123456789101112131415161718192021222324252627282930313233343536373839404142434445464748495051525354555657585960 |
- [[cluster-state-publishing]]
- === Publishing the cluster state
- The elected master node is the only node in a cluster that can make changes to
- the cluster state. The elected master node processes one batch of cluster state
- updates at a time, computing the required changes and publishing the updated
- cluster state to all the other nodes in the cluster. Each publication starts
- with the elected master broadcasting the updated cluster state to all nodes in
- the cluster. Each node responds with an acknowledgement but does not yet apply
- the newly-received state. Once the elected master has collected
- acknowledgements from enough master-eligible nodes, the new cluster state is
- said to be _committed_ and the master broadcasts another message instructing
- nodes to apply the now-committed state. Each node receives this message,
- applies the updated state, and then sends a second acknowledgement back to the
- master.
- The elected master allows a limited amount of time for each cluster state
- update to be completely published to all nodes. It is defined by the
- `cluster.publish.timeout` setting, which defaults to `30s`, measured from the
- time the publication started. If this time is reached before the new cluster
- state is committed then the cluster state change is rejected and the elected
- master considers itself to have failed. It stands down and starts trying to
- elect a new master node.
- If the new cluster state is committed before `cluster.publish.timeout` has
- elapsed, the elected master node considers the change to have succeeded. It
- waits until the timeout has elapsed or until it has received acknowledgements
- that each node in the cluster has applied the updated state, and then starts
- processing and publishing the next cluster state update.

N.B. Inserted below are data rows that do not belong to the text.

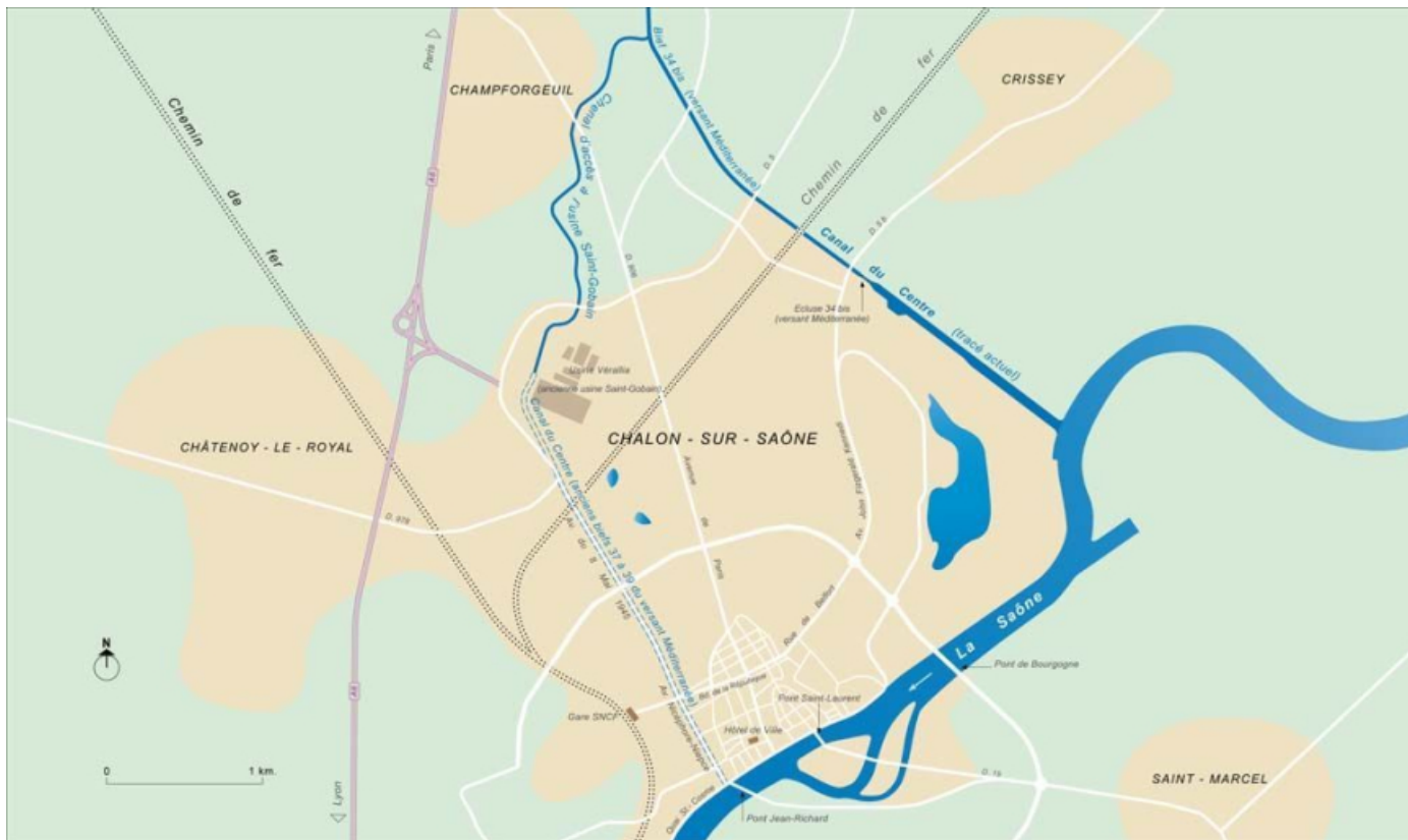
Carte schématique de l'ancien tracé du canal du Centre dans la ville de Chalon-sur-Saône. 71, Chalon-sur-Saône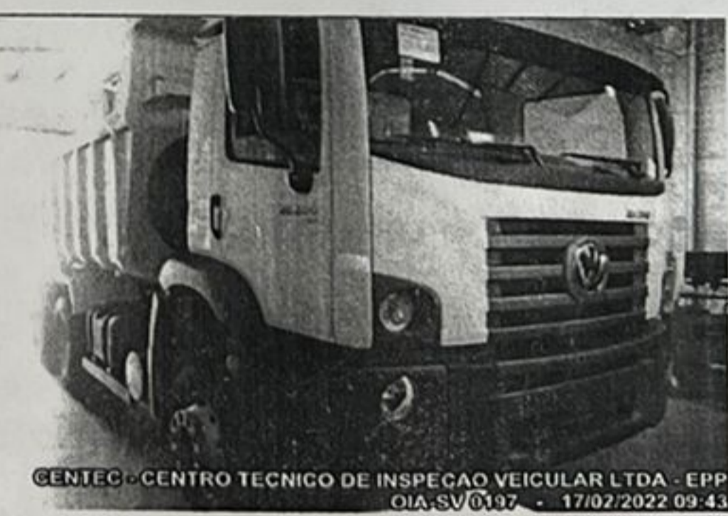
CENTEC - CENTRO TECNICO DE INSPECAO VEICULAR LTDA - EPP OIA-SV 0197 - 17/02/2022 09:43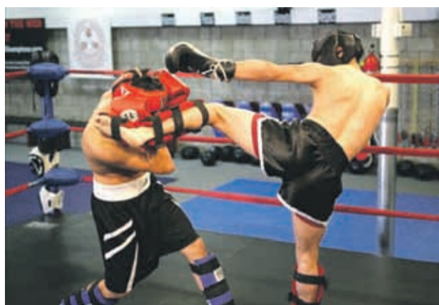
El kick boxing es una disciplina que ha crecido en los últimos años y que ahora busca proyectarse en Guanaqueros y Tongoy.

Bajo la organización de la escuela de kick boxing, Team Boyd Chile y del gimnasio Playfit-Tongoy, la idea de quienes

If some
- acknowledgements have not been received (i.e. some nodes have not yet confirmed
- that they have applied the current update), these nodes are said to be
- _lagging_ since their cluster states have fallen behind the elected master's
- latest state. The elected master waits for the lagging nodes to catch up for a
- further time, `cluster.follower_lag.timeout`, which defaults to `90s`. If a
- node has still not successfully applied the cluster state update within this
- time then it is considered to have failed and the elected master removes it
- from the cluster.
- Cluster state updates are typically published as diffs to the previous cluster
- state, which reduces the time and network bandwidth needed to publish a cluster
- state update. For example, when updating the mappings for only a subset of the
- indices in the cluster state, only the updates for those indices need to be
- published to the nodes in the cluster, as long as those nodes have the previous
- cluster state. If a node is missing the previous cluster state, for example
- when rejoining a cluster, the elected master will publish the full cluster
- state to that node so that it can receive future updates as diffs.
- NOTE: {es} is a peer to peer based system, in which nodes communicate with one
- another directly. The high-throughput APIs (index, delete, search) do not
- normally interact with the elected master node. The responsibility of the
- elected master node is to maintain the global cluster state which includes
- reassigning shards when nodes join or leave the cluster. Each time the cluster
- state is changed, the new state is published to all nodes in the cluster as
- described above.
- The performance characteristics of cluster state updates are a function of the
- speed of the storage on each master-eligible node, as well as the reliability
- and latency of the network interconnections between all nodes in the cluster.
- You must therefore ensure that the storage and networking available to the
- nodes in your cluster are good enough to meet your performance goals.
|